Regarding the fatty acid composition, the ARA content in the liver, gonad, and eggs increased with the ARA content in the broodstock diet. The eggs from high ARA content diet fed broodstock showed higher ARA content than those from the low ARA content diet group, which illustrated the nutrients that broodstock consumed did modify the nutritional composition of the broodfish and subsequently transfer to eggs. Similar results had also been found in blue gourami (T. trichopterus; Pallas, 1770) [13], and in yellow catfish (Pelteobagrus fulvidraco) [17]. Besides, in accordance with the research on blue gourami [13] and Guinean fingerfish [35], higher DHA content was found in the egg fed with a high ARA content diet in comparison with the egg from a low ARA content diet. This could be related to the preferentially transferred across the placenta of both DHA and ARA compared to other long-chain fatty acids [37]. As key components of cell membrane structure, ARA and DHA play a crucial role in the development of animals, particularly in neuron generation, growth, and immune system [38]. For instance, ARA supplements in diet increased the growth performance of different fish species, such as half-smooth tongue sole (Cynoglossus semilaevis) [39] and gilthead seabream (Sparus aurata) [40]. Thus, offspring from diet fed with ARA supplement diet might have a higher growth potential than those from broodstock fed diet without ARA supplement.

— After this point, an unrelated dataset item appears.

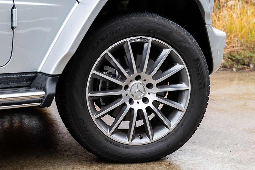 G350dのボディサイズは、全長4660mm、全幅1930mm、全高1975mmで、先代の最終モデルと比べ、全長で85mm、全幅で70mm、全高で5mm拡大されています。ちなみに、今回試乗した「AMGライン」装着車は、20インチのタイヤ&ホイール(標準仕様は18インチ)を履き、フェンダーもワイド化されており、全幅が55mm拡大された1985mmとなっています。
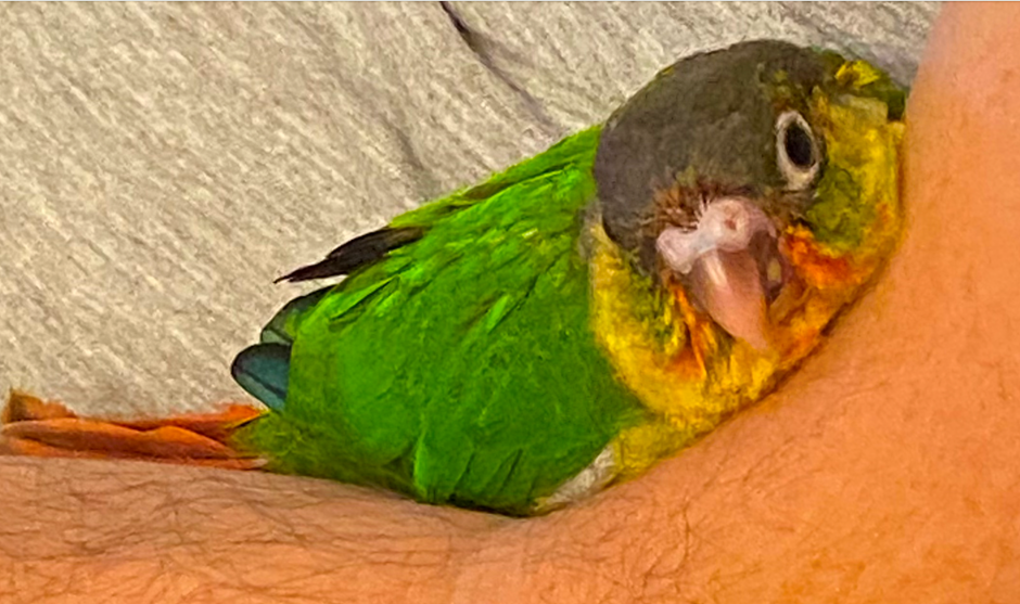 Jasper is an adorable red factor yellow sided green cheek conure. Tame, currently being hand fed, and will be weaned and is ready to go by the end of February. Wellness checked. Well socialized. Parents are tested and disease free. Very curious, loves exploring. Stunning colors, gorgeous little birdie. Local pick up is available. Free cage with local pick up.

In conclusion, the dietary supplement of ARA did not affect the spawning performance and offspring viability of largemouth bass broodstock in this study. 0.9% ARA in TFA content in broodstock diet could be sufficient for the reproduction of largemouth bass. Considering the higher content of ARA, DHA level, and the diameter of the egg, 3.6% ARA of TFA can be added to the diet of largemouth bass broodstock for the potential growth performance of their offspring. In future research, the effect of dietary ARA for broodstock on the immune system and on the development and growth performance need to be conducted needs to be investigated to give a broader view on the effect of ARA on reproduction.
Conflicts of Interest
The authors declare no conflicts of interest.
Funding
This study “Effect of dietary arachidonic acid on the broodstock productive performance and egg quality of largemouth bass (Micropterus nigricans)” (3091729) was funded by 2020 Industrial Talent Policy Project Innovation Leading Team of Panyu District under grant number 2021-R01-4.
Open Research
Data Availability Statement
Data sharing is not applicable to this article as no datasets were generated or analyzed during this study.